The quibble is people saying something similar to "this orange dot is as bad as having half the screen taken up by goatse!" and then when someone else says "it's not actually that bad though, right?" they say "it IS THAT BAD!!" And I'm like, "I get that you're mad, but it's really not actually as bad as you're saying". That's not a semantics debate.
This is like when you crash a car. Insurance company considers it "totalled". But you can still drive it. The cost of fixing the car is more than the value of the car.

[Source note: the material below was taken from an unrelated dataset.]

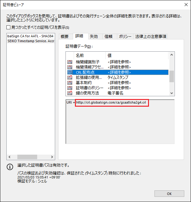 表示されるURLが、CRL配布点のURLです。

In this case, the negative effect of the orange dot outweighs all utility of the product for the use case. So it's useless in the sense that it's "worse than nothing" by some metric. It's useless in the same way that a shopping cart is useless for commuting to work. I mean, TECHNICALLY, you could commute to work in a shopping cart. But it would be worse than just not using it.
I think that's the point that people are objecting to.

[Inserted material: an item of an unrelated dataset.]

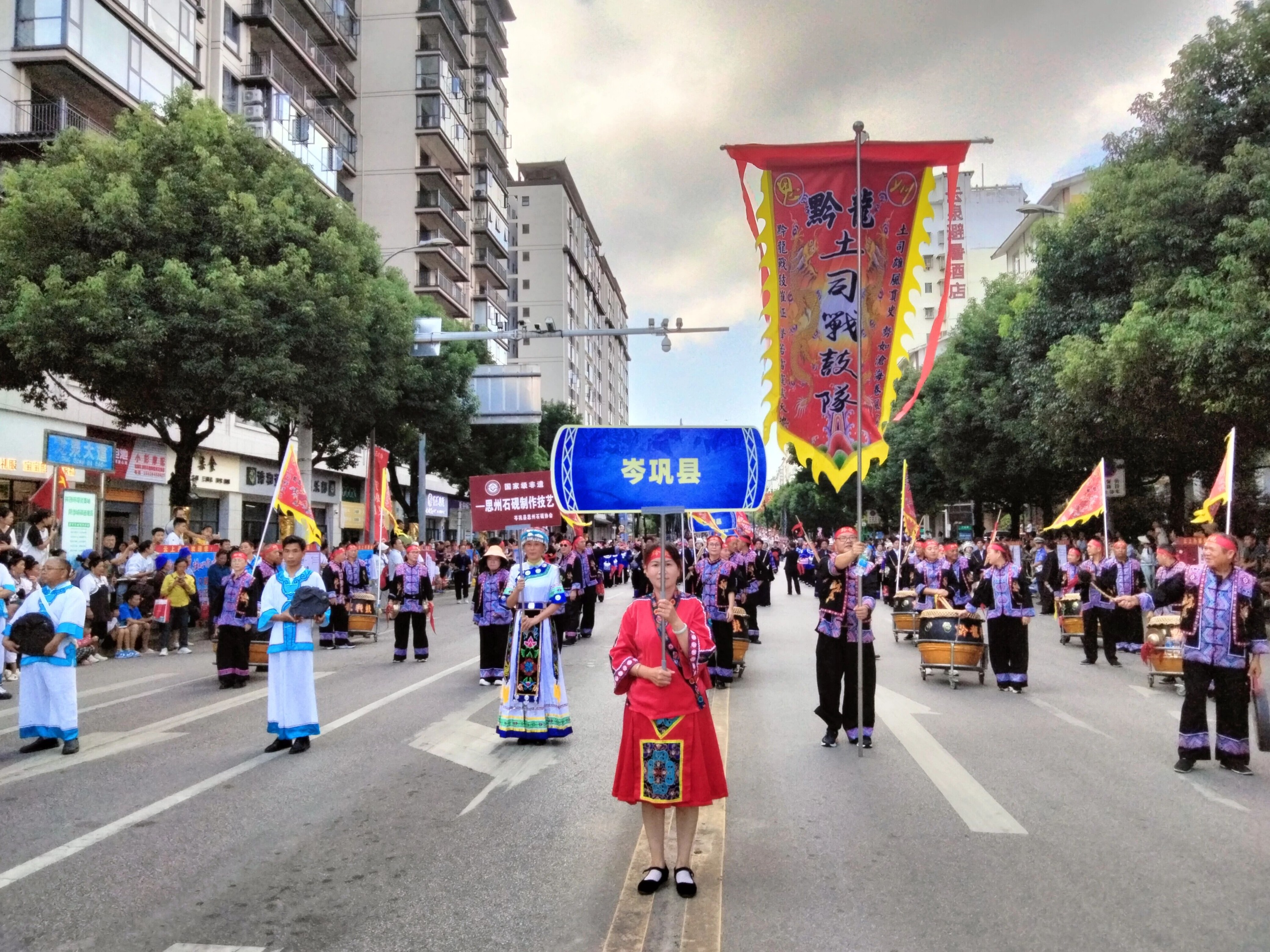 9月20日,在贵州丹寨万达小镇,一场非遗视觉盛宴震撼上演。由第三届中国非物质文化遗产保护年会暨第四届丹寨非遗周系列活动举办的非遗巡游展演活动盛大开启,吸引了上万市民和来自全国各地游客共赴这场文化盛会,沉浸式感受非遗魅力。岑巩县身着土家服饰携省级非遗项目思州战鼓与国家级非遗项目思州石砚参加巡游,成为巡游展演中的一大靓点。

The orange dot doesn't total the presentation the way a totalled-car in a crash does, certainly not necessarily. It's NOT worse than nothing. It's not like a shopping cart for commuting to work.
The point of the replies here overall is that those things are hyperbole. It's NOT about nit-picking the language. It's "well, technically, the car will still drive in this case", it's saying that the orange dot DOES NOT ruin presentations that badly. You can ACTUALLY and PRACTICALLY present with the orange dot.
A better analogy: your nice car gets a rock through a window with a noticeable hole and huge cosmetic crack. You say "I can't drive this now! My car is useless! It's totalled!" And people are like "Dude, it's not totalled." And you say, "This is my professional car for business, I can't show up with a cracked window!" and People are like, "well, you could actually…"
It's not like the software has a bug that inverts all the colors, and people are saying "you could in fact do an inverted-color presentation, it's possible". It's JUST a little dot, and it's bad, but it's NOT as bad as the hyperbole.
I'll take you at your word that it's not that bad for you. I'll take someone else at their word that it is that bad for them. It probably depends a lot on the context.
If a car with a shattered window is completely unacceptable for some situation for some reason, a person could say (still hyperbolically), "it might as well be totalled". It's still stupid to say "it's totalled!" (and that's not because I'm objecting to the insurance definition).
The orange dot being unacceptable to some people and situations is never something I've doubted in the slightest.
Some people can't seem to grasp that it's perfectly consistent to say "you're being hyperbolic, but your objection is fully sound". It's as though after a crash that results in a shattered window, someone says "it's totalled!" and then if someone else says "it's NOT totalled" they take that to mean that a shattered window is no real problem.
The orange dot is totally stupid, unacceptable in many situations, the decision was atrocious, AND the language people have been using about it is hyperbolic.